━━ EXCERPTED DATA
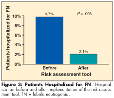 A chart review showed that of the 35 patients treated in 2003, after implementation of the tool, 72% received CSF compared with 28% of the 50 patients who were treated without the tool in 2000 (P < .001). Patients assessed and managed with the tool had a lower risk of FN, hospitalization for FN, treatment with intravenous antibiotics, chemotherapy dose delays, and chemotherapy dose reductions. The differences were clinically significant for all endpoints and the difference was statistically significant for dose delays (required for 9% of patients in 2003 vs 32% in 2001, P = .01).
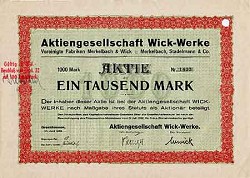One of the 2500 original share documents, valued at 1000 Marks each, when issued, of AG Wick-Werke, signed June 1922. This was revalued on 18/4/1932 to 100 Reichsmarks ()
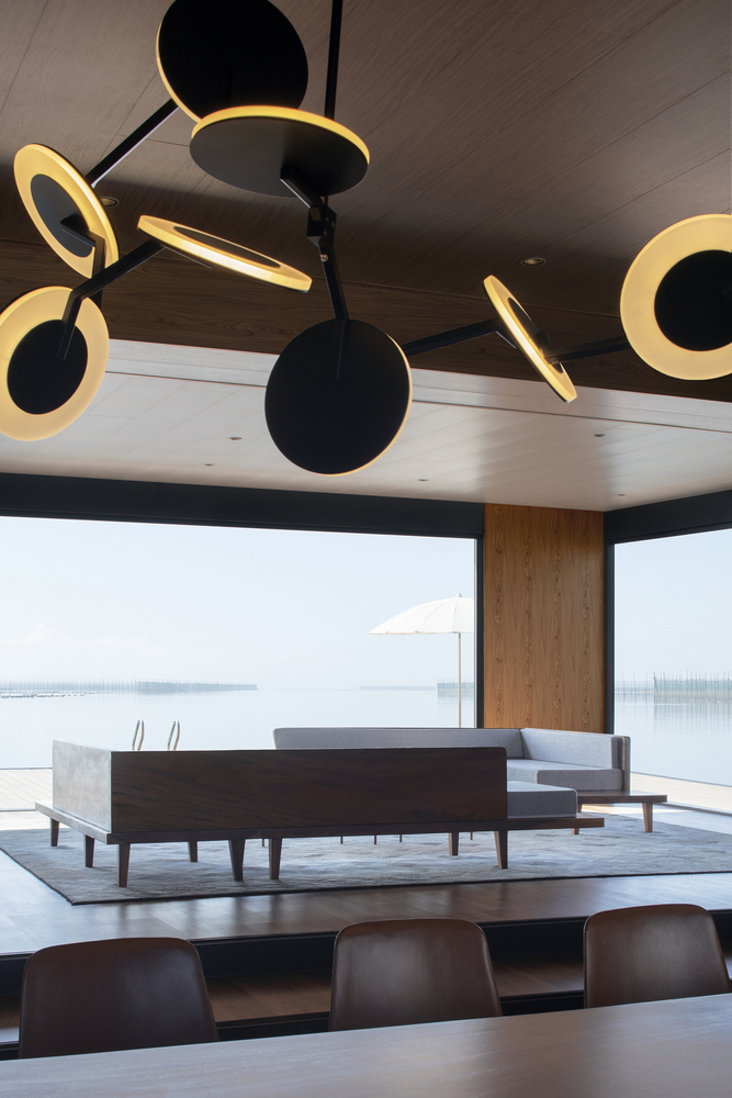Prostor, velik 500 kvadratnih metrov, je opremljen z dnevno sobo, tremi sobami za goste in kuhinjo. V vsaki sobi je naravna svetloba, ki prehaja skozi velike steklene površine. Interiör je preprosta, osnovni ton barve lesa pa ustvarja toplo in prijazno vzdušje. Hotel ima tudi zunanji masažni bazen, balkoni so opremljeni s skrbno izbranimi mizami in stoli, poleg pa so za vsakodnevno rekreacijo privezani čolni in kajaki.
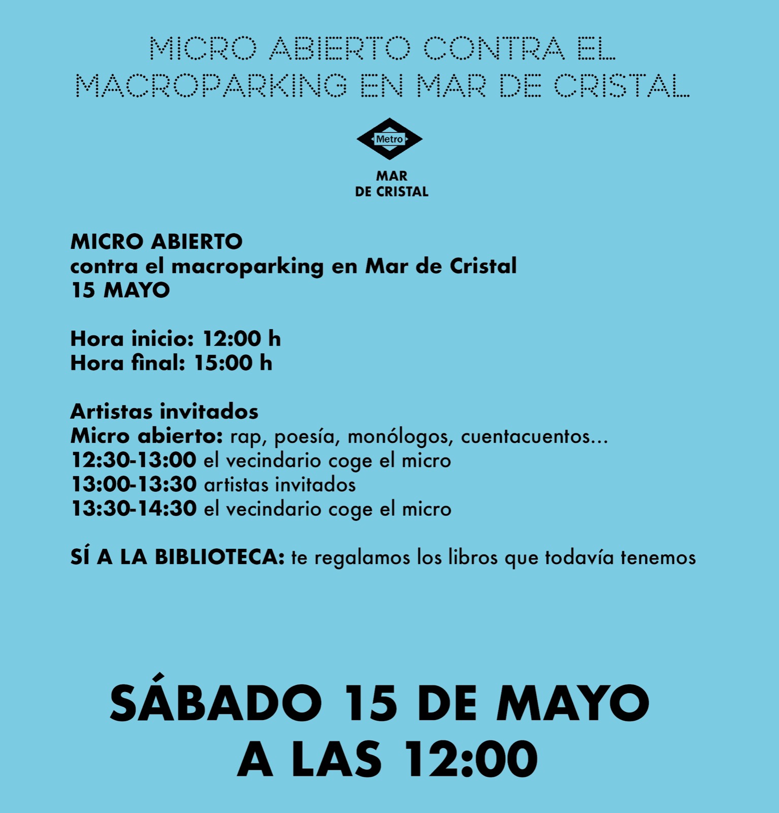 Las vecinas y vecinos de Hortaleza siguen demandando una biblioteca en la parcela de Mar de Cristal donde el Ayuntamiento pretende construir un aparcamiento disuasorio, en esta ocasión con un micro abierto contra el parking en Mar de Cristal.
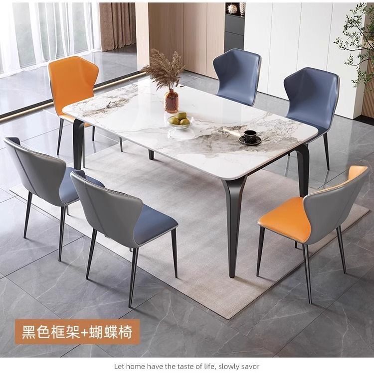 [대변] 현대 심플한 이탈리아식 라이트 록 플레이트 다이닝 테이블과 의자 콤비네이션 라이트 럭셔리 가구 작은 아파트 롱
━━━━
- _EXERCISE_:
Skip the pictures, then write out every entry exactly.

- _PROBLEM SOLUTION_:
 A chart review showed that of the 35 patients treated in 2003, after implementation of the tool, 72% received CSF compared with 28% of the 50 patients who were treated without the tool in 2000 (P < .001). Patients assessed and managed with the tool had a lower risk of FN, hospitalization for FN, treatment with intravenous antibiotics, chemotherapy dose delays, and chemotherapy dose reductions. The differences were clinically significant for all endpoints and the difference was statistically significant for dose delays (required for 9% of patients in 2003 vs 32% in 2001, P = .01).
One of the 2500 original share documents, valued at 1000 Marks each, when issued, of AG Wick-Werke, signed June 1922. This was revalued on 18/4/1932 to 100 Reichsmarks ()
Prostor, velik 500 kvadratnih metrov, je opremljen z dnevno sobo, tremi sobami za goste in kuhinjo. V vsaki sobi je naravna svetloba, ki prehaja skozi velike steklene površine. Interiör je preprosta, osnovni ton barve lesa pa ustvarja toplo in prijazno vzdušje. Hotel ima tudi zunanji masažni bazen, balkoni so opremljeni s skrbno izbranimi mizami in stoli, poleg pa so za vsakodnevno rekreacijo privezani čolni in kajaki.
 Las vecinas y vecinos de Hortaleza siguen demandando una biblioteca en la parcela de Mar de Cristal donde el Ayuntamiento pretende construir un aparcamiento disuasorio, en esta ocasión con un micro abierto contra el parking en Mar de Cristal.
 [대변] 현대 심플한 이탈리아식 라이트 록 플레이트 다이닝 테이블과 의자 콤비네이션 라이트 럭셔리 가구 작은 아파트 롱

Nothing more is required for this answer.